Start of Task inputs
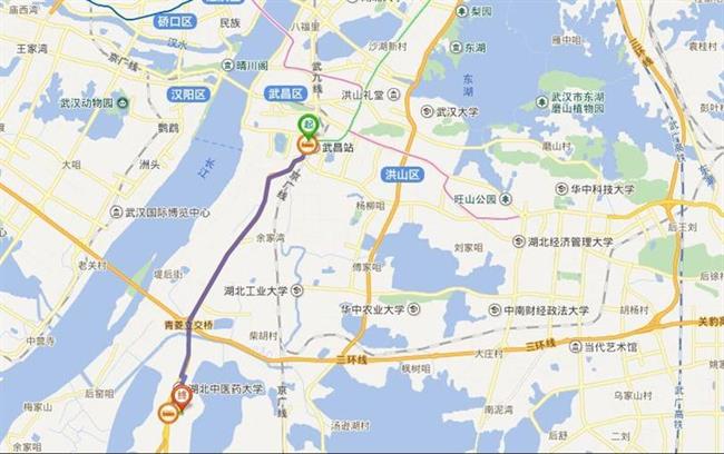 武昌火車站至武漢科技大學黃家湖校區(qū)路線圖如下所示:
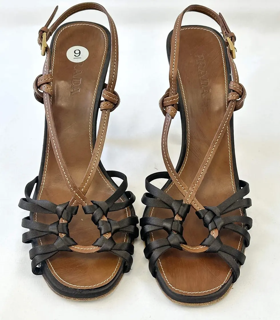 Vintage PRADA Satin Leather Sling Back Woven Heel Sandals 39 Brown Open Toe 9
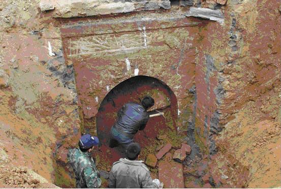 墓葬清理发掘现场
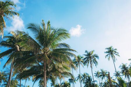 Tropical palm tree with blue sky and cloud abstract background. Summer vacation and nature travel adventure concept. Pastel tone filter effect color style.
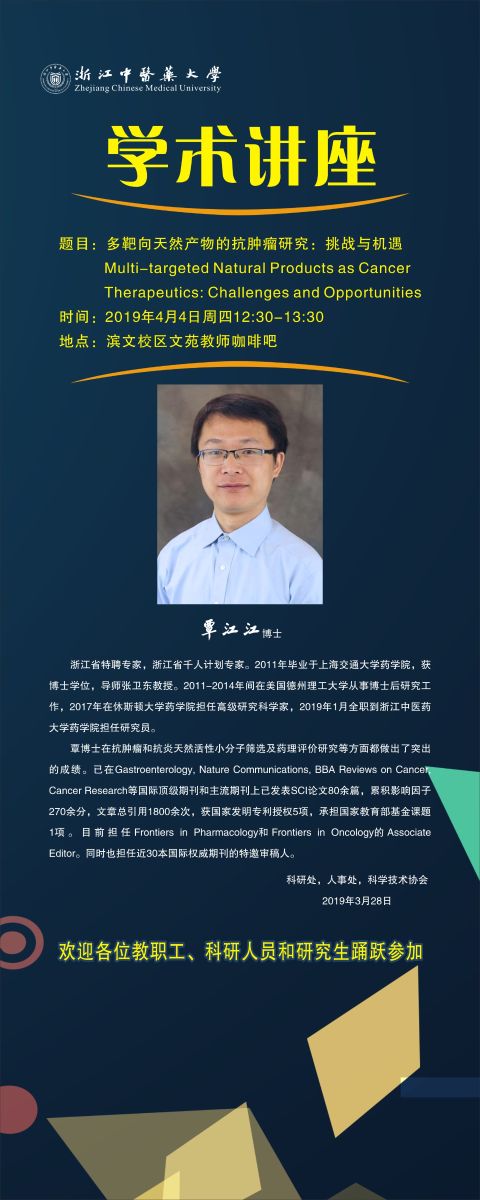 讲座预告:多靶向天然产物的抗肿瘤研究--挑战与机遇
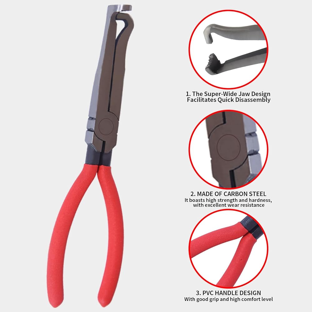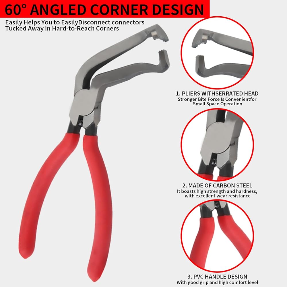 وصول مزدوج الزاوية للمساحات الضيقة: تتميز كماشة فاصل الموصل المصنوعة من الفولاذ عالي الكربون بزاوية 60 درجة برؤوس بزاوية 60 درجة وزاوية قائمة. يمكنك الوصول بيد واحدة إلى حاقنات الوقود ومقابس وحدة التحكم الإلكترونية وغيرها من مساحات المحرك الضيقة
End of Task inputs
Task goal:
Your copy should be the entries retyped exactly, with no images in it.

Final answer:
 武昌火車站至武漢科技大學黃家湖校區(qū)路線圖如下所示:
 Vintage PRADA Satin Leather Sling Back Woven Heel Sandals 39 Brown Open Toe 9
 墓葬清理发掘现场
 Tropical palm tree with blue sky and cloud abstract background. Summer vacation and nature travel adventure concept. Pastel tone filter effect color style.
 讲座预告:多靶向天然产物的抗肿瘤研究--挑战与机遇
 وصول مزدوج الزاوية للمساحات الضيقة: تتميز كماشة فاصل الموصل المصنوعة من الفولاذ عالي الكربون بزاوية 60 درجة برؤوس بزاوية 60 درجة وزاوية قائمة. يمكنك الوصول بيد واحدة إلى حاقنات الوقود ومقابس وحدة التحكم الإلكترونية وغيرها من مساحات المحرك الضيقة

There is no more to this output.